I have some Vaseline to use for now as it's only the front section but the Loxeal might be worth getting for around the shaft area.

This just arrived:

















It's the silver version which is not shown on their site. It has a light brushed metal look to it.


----------



## dan1502 (Sep 8, 2012)

Ok so some 'out of the box' photos:

















This shows the label showing it is an EK43 and you can see that the top of the sticker where Mahlkonig would have been has simply been cut off even leaving the adhesive behind.









The burrs before cleaning (they are tested with coffee at the factory so have some residue from new)


----------



## dan1502 (Sep 8, 2012)

The front section removed

































Base removed to show the electronics:


----------



## risky (May 11, 2015)

That's a very different looking pre breaker isn't it?


----------



## dan1502 (Sep 8, 2012)

Front section refitted having cleaned and re-greased everything









Most of the external fixings changed to stainless steel









I wanted to remove the rotor but the circlip pliers I have aren't big enough for the rear circlip and in trying to use them they slipped and I scratched the paint at the rear so decided not to keep trying and reassemble an test it.

It has an EU Schuko plug. I tried it with a standard EU adapter and it worked. I then fitted an earthed Schuko adapter and it then tripped the mains on start up. I tried the other adapter again briefly and got a small shock off the case.

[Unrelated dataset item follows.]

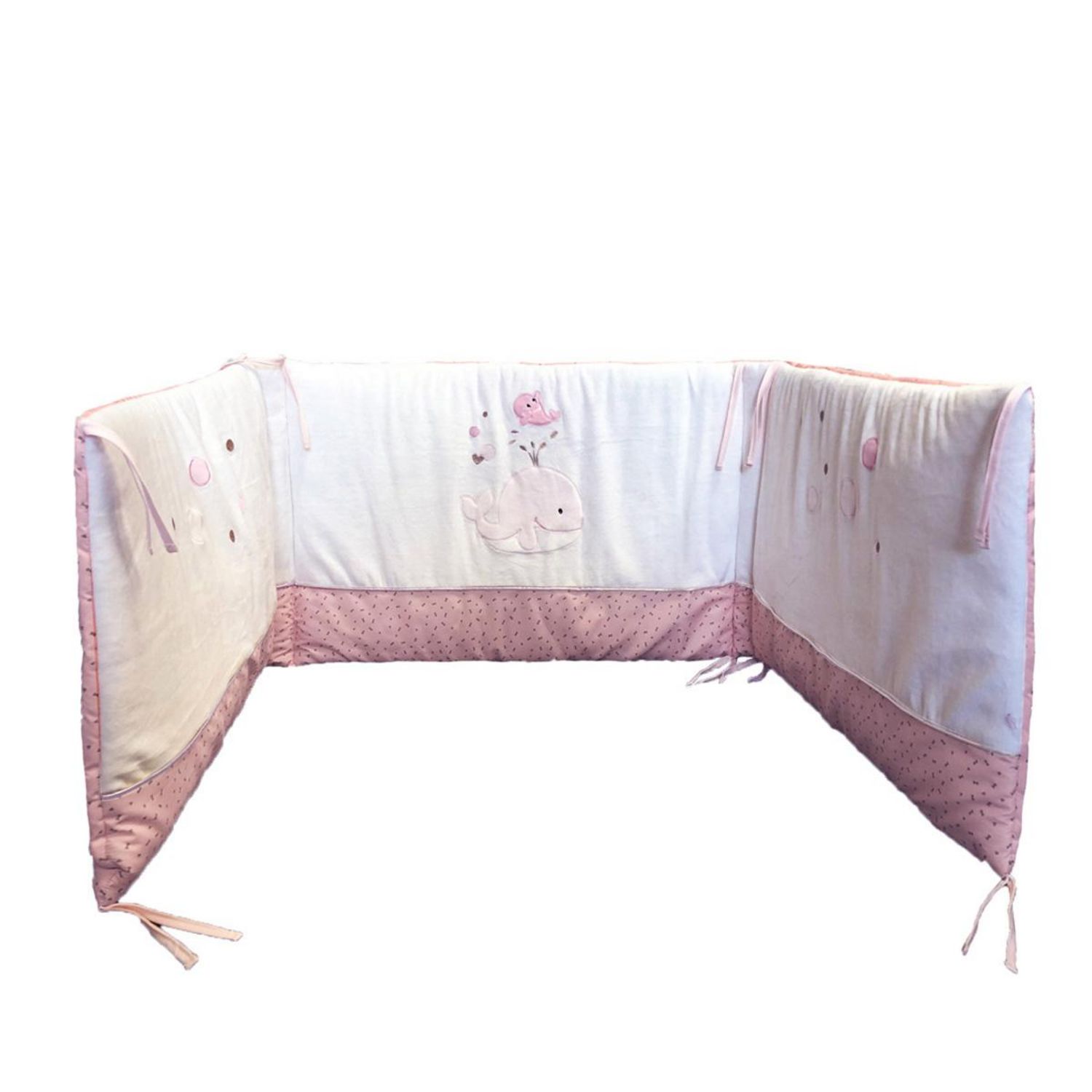 Thème aux tons rosés, chaud et doux, décorée d'une baleine et de son bébé. Ce tour de lit DOMIVA est composé de 3 panneaux pour une dimension totale de 40X180 cm. Doté de soufflets, il s'adapte sur un lit bébé 60x120 et 70x140 cm, Avec ce tour de lit , bébé se sentira bien entouré et paré pour de j

I decided that rather than try and disassemble it further myself I would visit my engineer friend. I've just got back.

We removed the circlip from the rear and carefully tapped the rotor shaft out of the rear bearing. There was some light corrosion on the rotor and slots which was presumably why it was originally stuck. This is the rotor:









You can see the centrifugal switch actuator which moves towards the end as the motor gets to speed switching a switch which presumably either disconnects the start-up capacitor or changes the winding circuit (I'm not sure). All looking great.









The above is the switch. The plastic part of the centrifugal switch mechanism pushes against the prongs and the contacts touch. This is where the problem was found. The black wire is virtually severed and the earth insulation damaged which will be the cause of the short.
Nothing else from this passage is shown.